§ What the task requires:
Write out word for word each line of the records, beginning at the first and stopping after the line with "Missouri Cardinals Blues". Leave the pictures out.

§ Records to process:

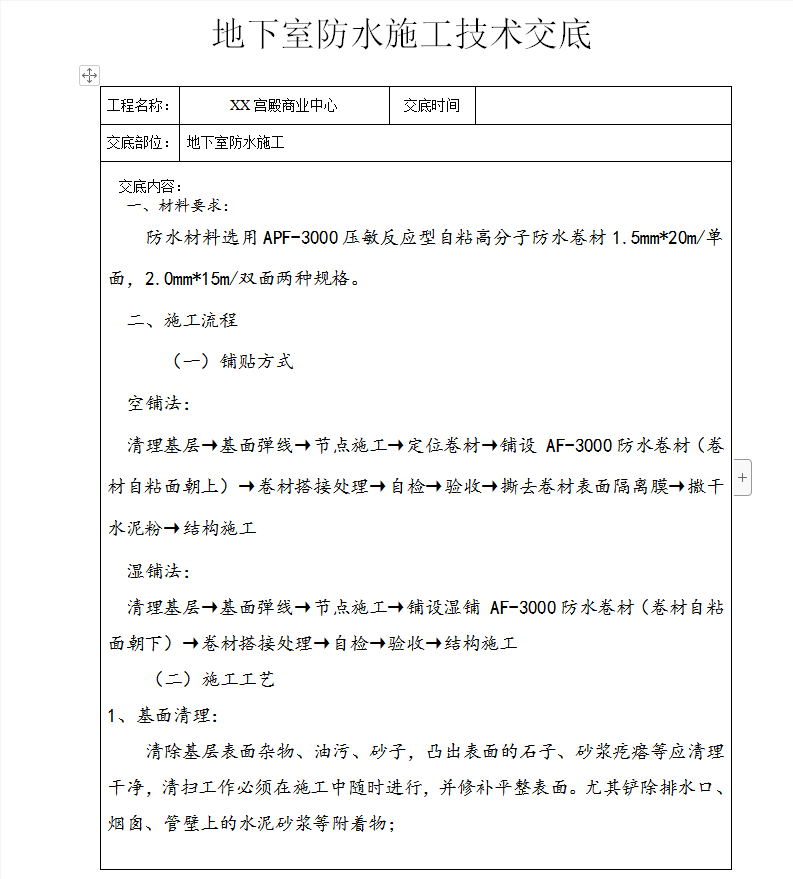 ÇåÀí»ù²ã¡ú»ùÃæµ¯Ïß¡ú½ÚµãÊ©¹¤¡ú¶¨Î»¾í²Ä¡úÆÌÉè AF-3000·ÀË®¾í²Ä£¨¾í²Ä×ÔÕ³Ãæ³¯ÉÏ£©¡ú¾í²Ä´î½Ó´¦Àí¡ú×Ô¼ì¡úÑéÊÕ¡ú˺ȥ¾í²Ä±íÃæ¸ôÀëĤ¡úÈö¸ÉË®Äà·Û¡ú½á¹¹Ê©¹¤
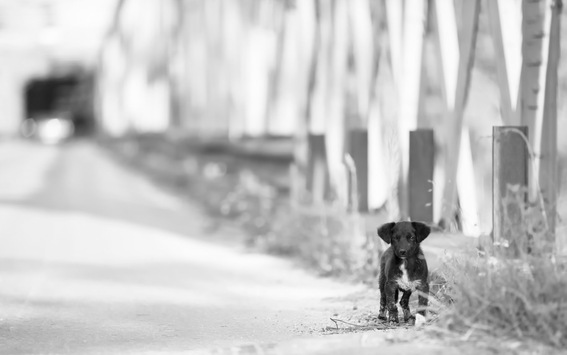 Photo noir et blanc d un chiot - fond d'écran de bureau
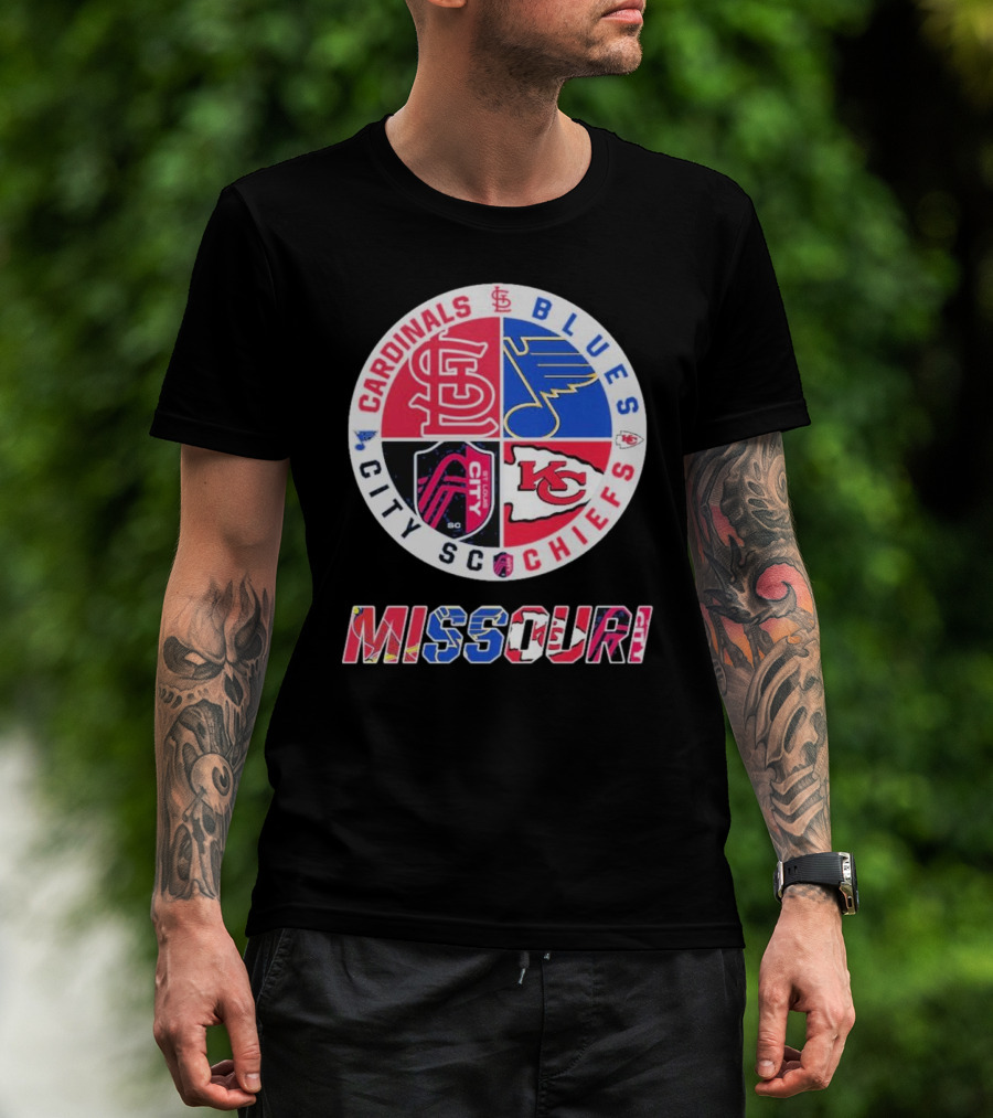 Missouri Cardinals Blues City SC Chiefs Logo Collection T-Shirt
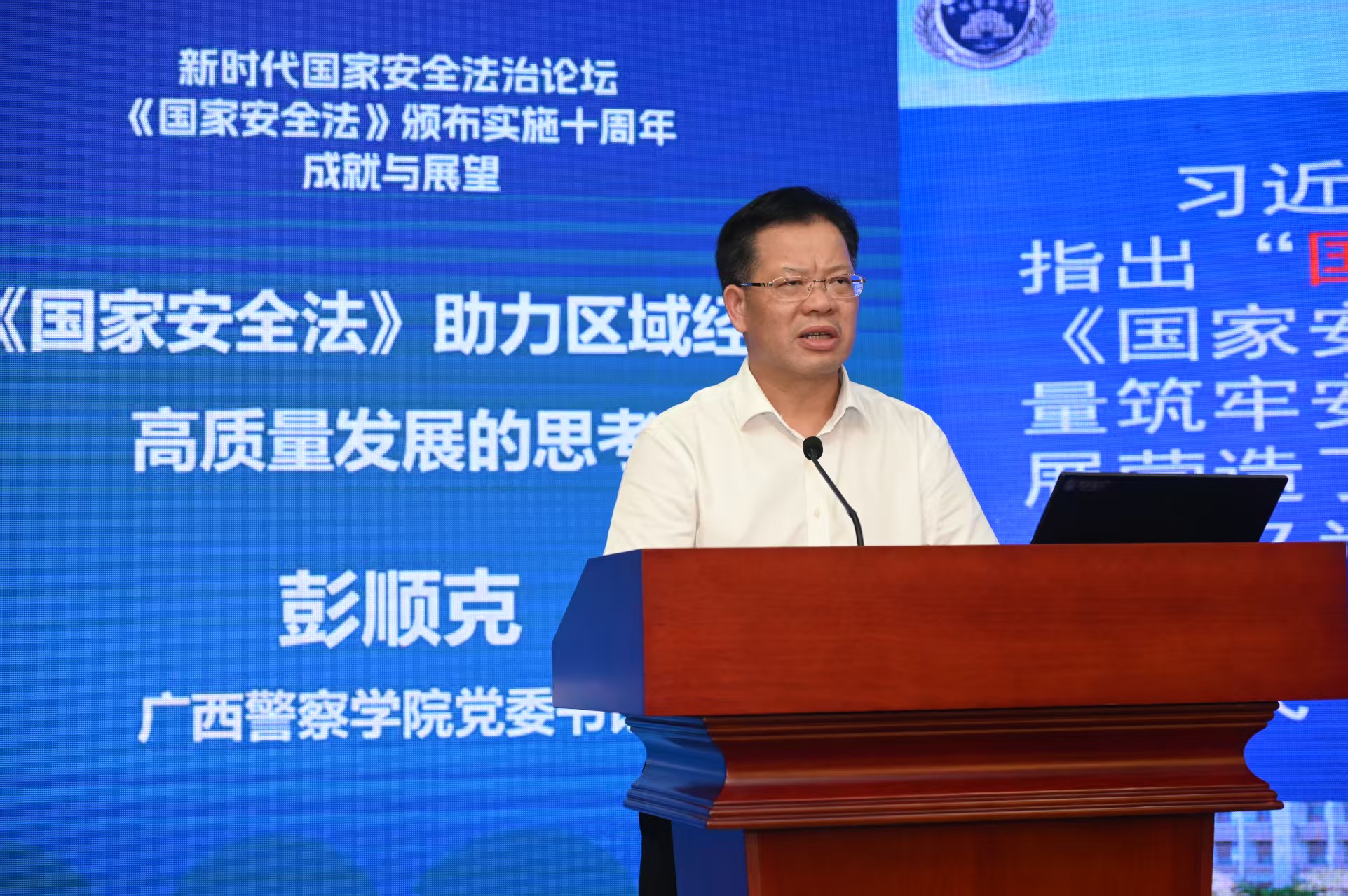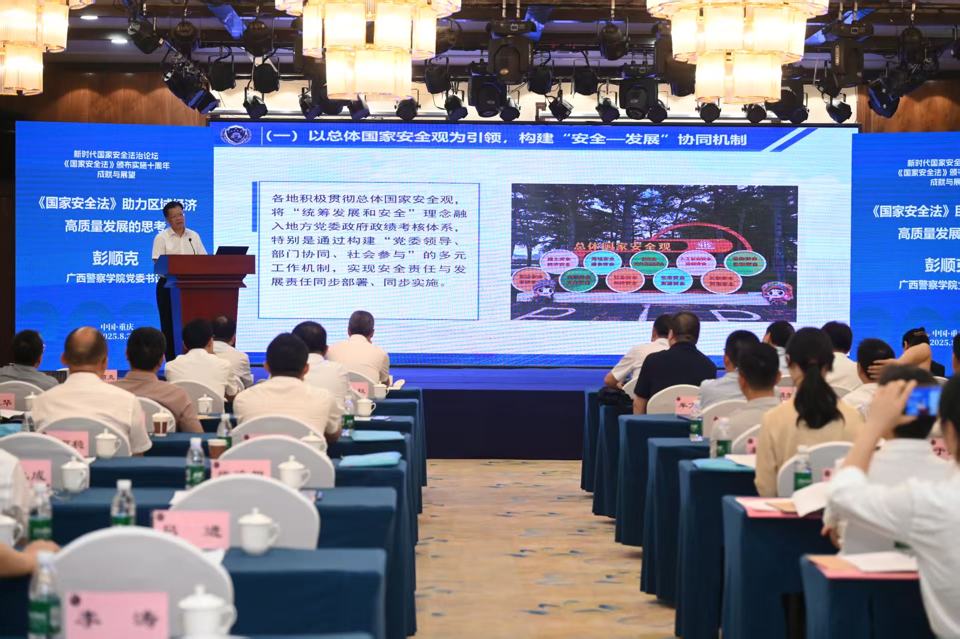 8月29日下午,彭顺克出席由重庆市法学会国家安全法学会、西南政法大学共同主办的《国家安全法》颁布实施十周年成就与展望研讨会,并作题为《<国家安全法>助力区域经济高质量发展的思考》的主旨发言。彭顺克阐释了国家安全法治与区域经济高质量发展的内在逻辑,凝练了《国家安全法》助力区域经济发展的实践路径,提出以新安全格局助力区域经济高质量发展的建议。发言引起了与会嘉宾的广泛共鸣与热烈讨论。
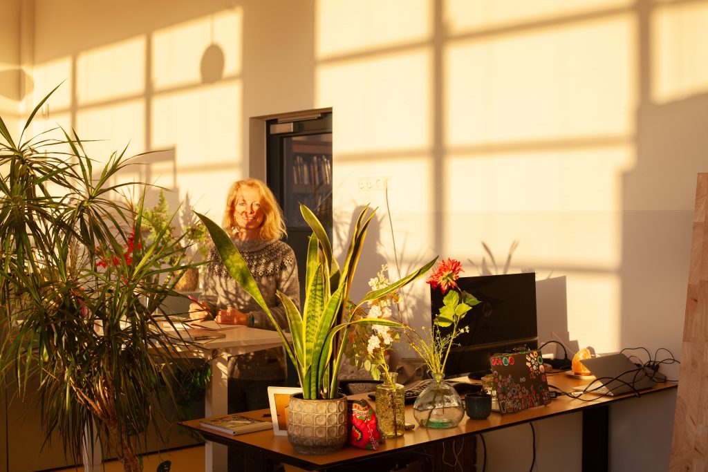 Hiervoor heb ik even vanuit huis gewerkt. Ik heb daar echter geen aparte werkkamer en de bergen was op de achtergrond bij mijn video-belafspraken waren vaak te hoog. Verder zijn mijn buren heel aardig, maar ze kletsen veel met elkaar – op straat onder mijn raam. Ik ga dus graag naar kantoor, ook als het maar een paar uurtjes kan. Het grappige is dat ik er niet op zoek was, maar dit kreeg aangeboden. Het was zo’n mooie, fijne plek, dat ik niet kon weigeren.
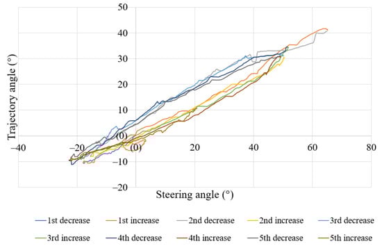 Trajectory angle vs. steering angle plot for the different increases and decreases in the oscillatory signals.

§ Result of the task:
 ÇåÀí»ù²ã¡ú»ùÃæµ¯Ïß¡ú½ÚµãÊ©¹¤¡ú¶¨Î»¾í²Ä¡úÆÌÉè AF-3000·ÀË®¾í²Ä£¨¾í²Ä×ÔÕ³Ãæ³¯ÉÏ£©¡ú¾í²Ä´î½Ó´¦Àí¡ú×Ô¼ì¡úÑéÊÕ¡ú˺ȥ¾í²Ä±íÃæ¸ôÀëĤ¡úÈö¸ÉË®Äà·Û¡ú½á¹¹Ê©¹¤
 Photo noir et blanc d un chiot - fond d'écran de bureau
 Missouri Cardinals Blues City SC Chiefs Logo Collection T-Shirt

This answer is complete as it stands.